Hot and Dry Weather Damages Sunflowerseed Crops in Eastern Europe

Global sunflowerseed production for 2012/13 was forecast 1.65 million tons lower this month to 35 million tons. Prolonged summer heat and dryness in Ukraine, Russia, Kazakhstan, and Eastern Europe substantially impaired sunflower pollination this year.

Accompanied by below-average rainfall, Ukraine was unusually hot throughout July and August. Sunflowerseed production for the country is forecast down 700,000 tons this month to 8.5 million tons, which—despite an expansion of sown area—is down considerably from last year’s record harvest of 9.5 million tons. Ukraine favors its domestic crushing industry through differential export taxes on sunflowerseed and sunflowerseed oil. Thus, the impact of a smaller crop bears most heavily on sunflowerseed demand by domestic processors. A reduced output of sunflowerseed oil in Ukraine scales back the 2012/13 export forecast of the commodity by 300,000 tons this month to 3.2 million tons.

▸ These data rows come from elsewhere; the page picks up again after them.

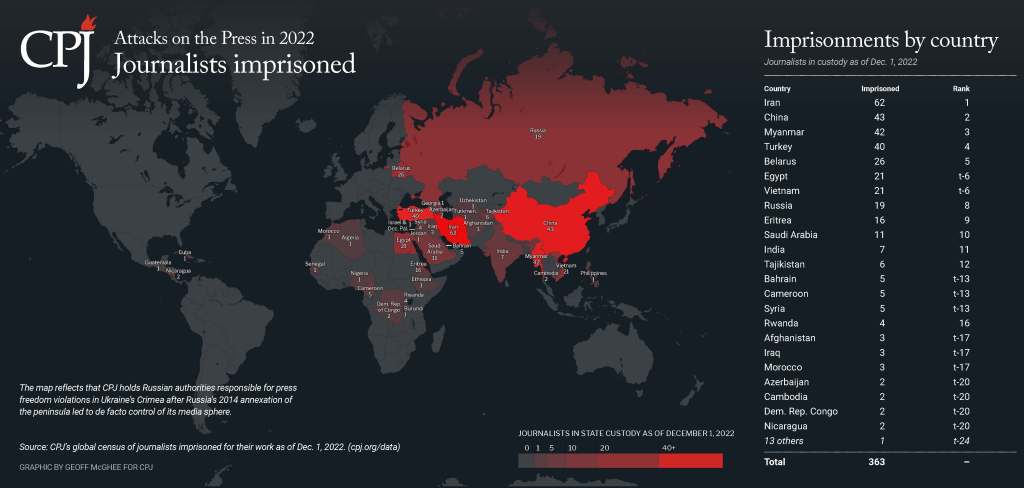 The number of journalists jailed around the world set yet another record this year, with 363 imprisoned as of December 1, 2022, according to CPJ’s 2022 prison census.
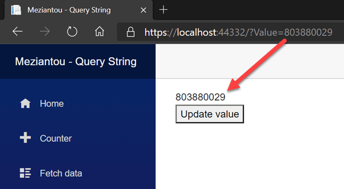 // 👇 The value is set from the query string by the SetParametersAsync method
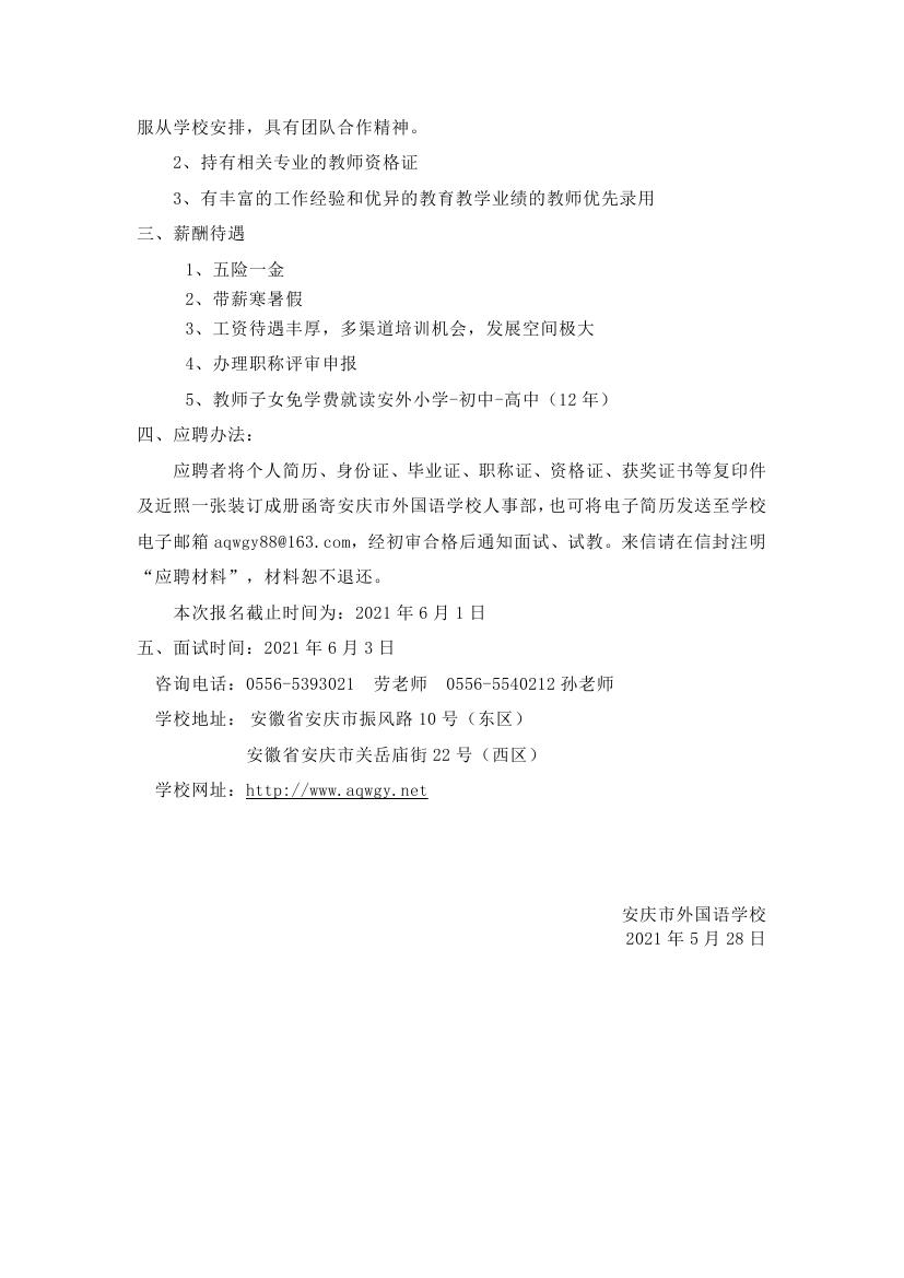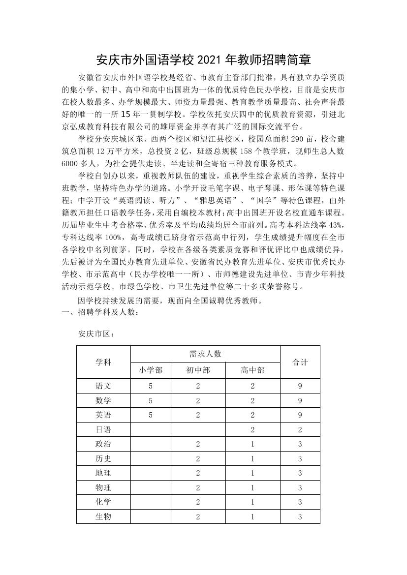 2021年安慶市外國語學(xué)校教師招聘簡章
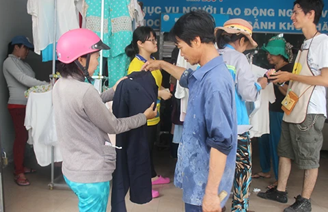 Sáng 29-4, Gian hàng 2K thu hút khá đông người lao động. Họ, những người công nhân tay chân lấm lem bùn đất từ công trường, người bán vé số tóc tai bê bết nhễ nhại nhưng khi chạm vào những cuốn tập dành cho con gái, cái áo thun dành cho chồng, đôi giày bata êm chân thì ánh mắt long lanh, sáng rỡ, bao mệt nhọc gần như tan biến. Mặc dù mỗi món hàng chỉ có giá 2.000 đồng nhưng mọi người đều rất đắn đo khi chọn món đồ cho riêng mình.
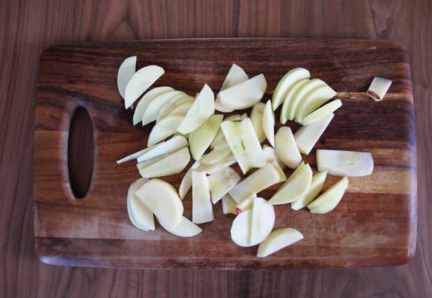 canela y azúcar las manzanas son muy fáciles de hacer y son una golosina deliciosa para todos.Cuatro ingredientes se necesitan para esta receta:-Manzanas-Canela-Azúcar blanco-LimónPaso 1: cortar Corte la manzana en trozos que son alrededor de 1 pulga
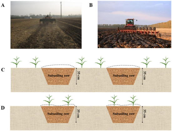 Studies have found that rotation tillage in the winter wheat season was an important practice that enriched the microbial community structure and increased the soil enzyme activity, thus facilitating the conversion and accumulation of soil nutrients and improving crop yields [2,5]. Deep tillage to 30 cm increased total soil N content in the 0–40 cm soil layer and improved crop root distribution [6], further promoting crop water efficiency and grain production [7]. Rotary and subsoiling tillage rotations combined with straw return could increase soil nutrient content and crop yield [8,9]. Liu et al. [10] reported that lower compaction and higher SOC were found under no-till combined with subsoiling (NS), which suggested that NS improved soil physicochemical properties. Subsoiling tillage was not only effective in the topsoil but also in the subsoil. This was confirmed by a study in China that found subsoiling to a depth of 35 cm increased the available soil nitrogen, phosphorus, and potassium contents in the 20–40 cm soil layer, contributing to an increase in annual yield [2,11]. Combined with the straw return, subsoiling tillage was effective in avoiding soil compaction and facilitating soil aggregation [12,13,14,15], while deep tillage could raise the soil fertility and increase the thickness of the cultivated horizon, further leading to higher SOC and TN [16,17,18]. However, these studies were focused on the wheat season and less on the maize season. For maize season, long-term no-till led to compaction in the subsoil, which seriously hindered the exchange of water, fertilizer, air, and heat and thus reduced soil quality and crop yield [19,20].

This would be only modestly higher than 2011/12 exports of sunflowerseed oil at 3.1 million tons.

Similarly, Russia’s Southern District—the top-producing region for sunflowerseed in the country—was particularly hard hit by adverse summer weather. Russian sunflowerseed output is expected down to 6.7 million tons compared with the previous forecast of 7 million and last year’s record at 9.6 million. As in Ukraine, crop losses will impact domestic processors the most by reducing crush by 18 percent from last season to 6.2 million tons in 2012/13. This would cut sunflowerseed oil exports from Russia by more than half to 640,000 tons.

EU sunflowerseed production for 2012/13 is estimated 550,000 tons lower this month to 7 million tons based on reduced crop estimates for Romania, Bulgaria, Hungary, and Spain. EU imports of sunflowerseed oil are also likely to be curtailed to 1.15 million tons by fewer shipments from Ukraine.